Then there’s a deal the bank made in India: last June, Newcombe signed a letter of intent to purchase 880,000 tons of carbon credits from the FaL-G brick and block industry. FaL-G bricks and blocks are made from fly ash, a byproduct of coal combustion. Unlike clay bricks, they can be constructed without the use of thermal energy, ostensibly making them a greener choice. But it’s not that simple. “Coal fly ash typically contains a range of heavy metals, a range of radioactive elements, a range of poly-aromatic hydrocarbons, and other semi-volatile contaminants,” says Pat Costner, former senior scientist at Greenpeace, noting that those handling the material are at great risk of exposure. “The thought of turning over the management of fly ash to the hundreds or perhaps thousands of tiny brick-making operations in India is enough to make the soul shiver.”
Photo: Tamra Gilbertson, Carbon Trade Watch.
In Brazil, a company called Plantar owns a monoculture eucalyptus grove covering about 57,000 acres. The fast-growing trees will be harvested and used as charcoal for the production of low-grade iron. For small farmers nearby, the consequences of this plantation are devastating: streams and swamps have dried up, chemicals contaminate the air and water, and the diverse species that once inhabited the land have all but vanished. These plantations are allegedly avoiding the production of 4.3 million tons of carbon dioxide that would have been emitted had coal been used for smelting. That’s 4.3 million carbon credits that can be sold to a party unwilling to reduce its emissions by the same amount. But in the next two decades, these trees will be cut down. The CO2 produced by northern industries that have bought the PCF’s credits will remain in the atmosphere, on average, 50 to 200 years.
Last year, the bank created another carbon fund, and a third is in the works. In addition, it administers funds for individual countries, including the Netherlands, Italy, Spain, and Denmark. If these projects continue to grow, the World Bank will have helped create — and cornered — a market that undercuts its own mission.
Put Your Money Where Your … Money Is
It’s complicated enough when an institution dedicated to improving conditions around the globe invests in potentially harmful projects. But the World Bank’s fuzzy role doesn’t end there. The bank is also one of the largest public sources of funds for the fossil-fuel industry.
From 1992 through late 2004, the World Bank Group approved $11 billion in financing for 128 fossil-fuel extraction projects in 45 countries. These projects will lead to more than 43 billion tons of carbon-dioxide emissions. And more than 82 percent of World Bank financing for oil extraction has gone to projects that export oil back to wealthy countries.
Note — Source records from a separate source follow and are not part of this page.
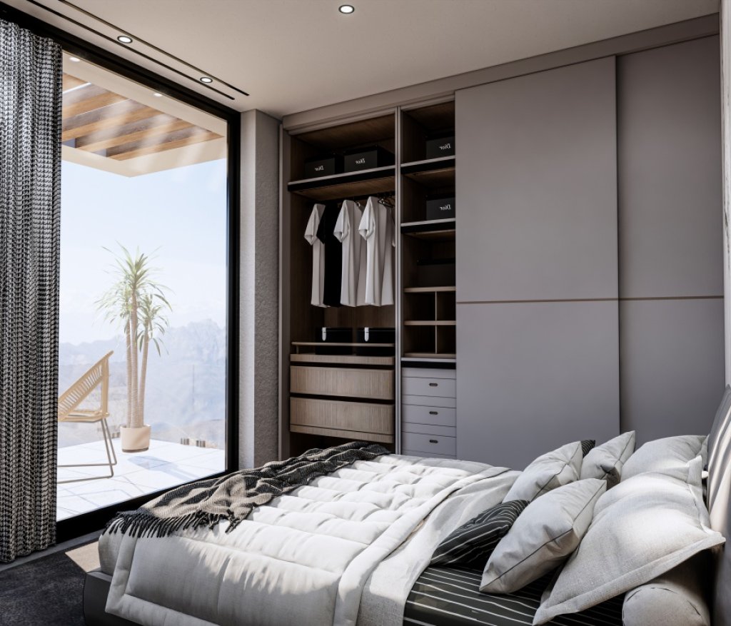 The villas offer 3 or 4 bedrooms and are a superb choice for those who are looking for luxury lifestyle in a peaceful area enjoying wonderful panoramic views and great indoor and outdoor space, large panoramic windows and very high building standards. Private swimming pool and terrace is directed to the sunset which is an additional benefit.
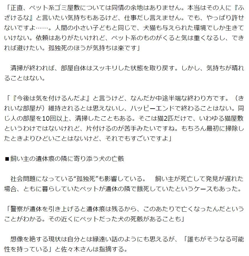「正直、ペット系ゴミ屋敷については同情の余地はありません。本当はその人に『ふざけるな』と言いたい気持ちもあるけど、仕事だし言えません。でも、やっぱり許せないですよ……。人間の小さい子どもと同じで、犬猫も与えられた環境でしか生きていけない。依頼はありがたいけれど、ペット系のものがくると気は重くなるし、できれば避けたい。孤独死のほうが気持ちは楽です」
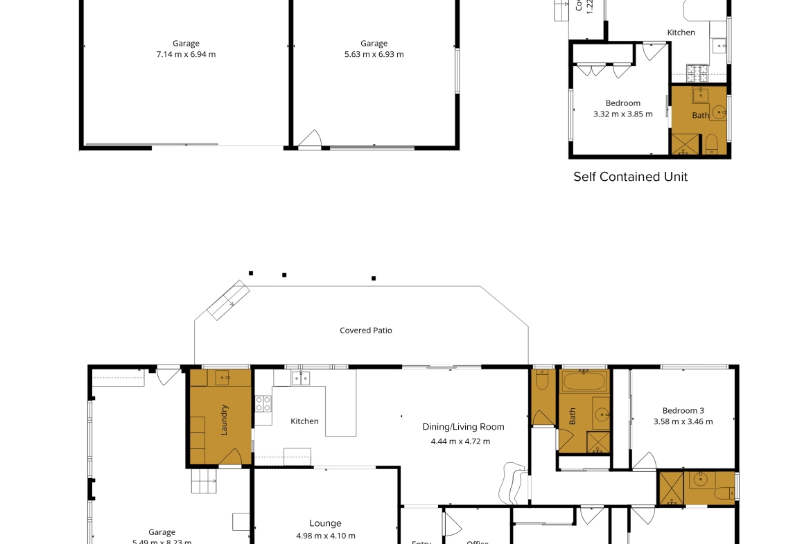 The main residence features three bedrooms and two bathrooms, with a spacious kitchen connecting to the living, dining, and lounge areas — perfect for everyday family life and effortless entertaining.
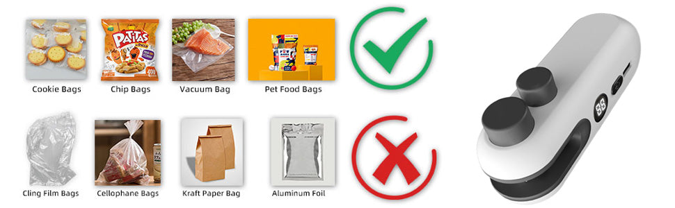 Es adecuada para envasar varias papas fritas, galletas, sándwiches, cereales, dulces, pan, ensaladas, comida para mascotas, bolsas de comida, bolsas de vacío, etc. También es adecuada para bolsas de película de poliéster y bolsas de plástico, pero NO ADECUADO PARA embalaje, bolsas de celofán, bolsas de papel kraft, bolsas de aluminio puro o bolsas delgadas para almacenar alimentos.

This institutional schizophrenia — carbon trader and fossil-fuel financier — evolved over the last couple of decades. Since the 1980s, under pressure from the Reagan administration, the bank has pried open developing countries’ fossil-fuel sectors in order to satisfy the growing import needs of industrialized countries. In 1981, the U.S. Treasury urged the bank to play a lead role in the “expansion and diversification of global energy supplies to enhance security of supplies and reduce OPEC market power over oil prices.” The treasury also noted that, as opposed to the U.S. government, the neutral bank could play an important role in fostering foreign corporate investment in developing countries’ energy sectors.
The bank implemented these directives with great success. Then came the 1992 Rio Earth Summit, progenitor of the Kyoto Protocol, which placed much of the financial control over sustainable development aid — particularly clean-energy financing — within the bank. That should have changed things. But research conducted by the Institute for Policy Studies’ Sustainable Energy & Economy Network shows unprecedented levels of bank financing for fossil-fuel projects in the past decade, and threadbare support for renewable energy and energy-efficiency projects. In an average year, the World Bank supported fossil-fuel projects with lifetime emissions of 1,457 megatons of carbon. This figure is at least four, and as much as 29, times the amount of annual emissions reductions anticipated under the CDM.
Photo: Jonathan McIntosh.
The primary direct beneficiaries of these fossil-fuel projects are northern corporations, particularly those based in the United States. They benefit either through direct loans or through the privatization process enforced by bank loans. Halliburton and Enron, for example, enjoyed global expansion in the 1990s hand-in-glove with the World Bank Group. And the bank’s impact reaches far beyond the projects it funds. More than 75 percent of all private banks — so-called Equator Principle banks — base their standards upon those of the World Bank. Public banks also look to the venerable institution for guidance.
Many people, from the world’s most disenfranchised to Nobel laureates to internal whistleblowers, have tried to convince the bank to realign its energy portfolio during the past decade. Last year, an exhaustive review self-commissioned by the bank and chaired by former Indonesian environment minister Emil Salim called upon the institution to divest its portfolio of the most egregious fossil-fuel projects. But the bank’s action plan adopted in September represented business as usual.
In October, several dozen representatives of independent organizations in the global south gathered to discuss realistic avenues for addressing climate change. The resulting Durban Declaration, signed by more than 150 organizations from around the world, reads, in part, “In an absurd contradiction, the World Bank facilitates … false, market-based approaches to climate change … at the same time it is promoting, on a far greater scale, the continued exploration for, and extraction and burning of, fossil fuels — many of which are to ensure increased emissions of the north.”
Those who embrace the bank as an impartial and honest carbon broker ought to be aware that this institution’s investments are driven largely by oil-hungry nations. This became particularly clear with President Bush’s nomination of Iraq war architect and assistant secretary of Defense Paul Wolfowitz to head up the institution in mid-March. Activists say the bank must change; they are calling for greater input from more countries’ elected officials, and oversight by the United Nations. Meanwhile, a growing movement spanning several continents is taking a more radical approach: it is pushing for a boycott of World Bank bonds, with the aim of ending the institution’s investments in environmentally and socially destructive projects.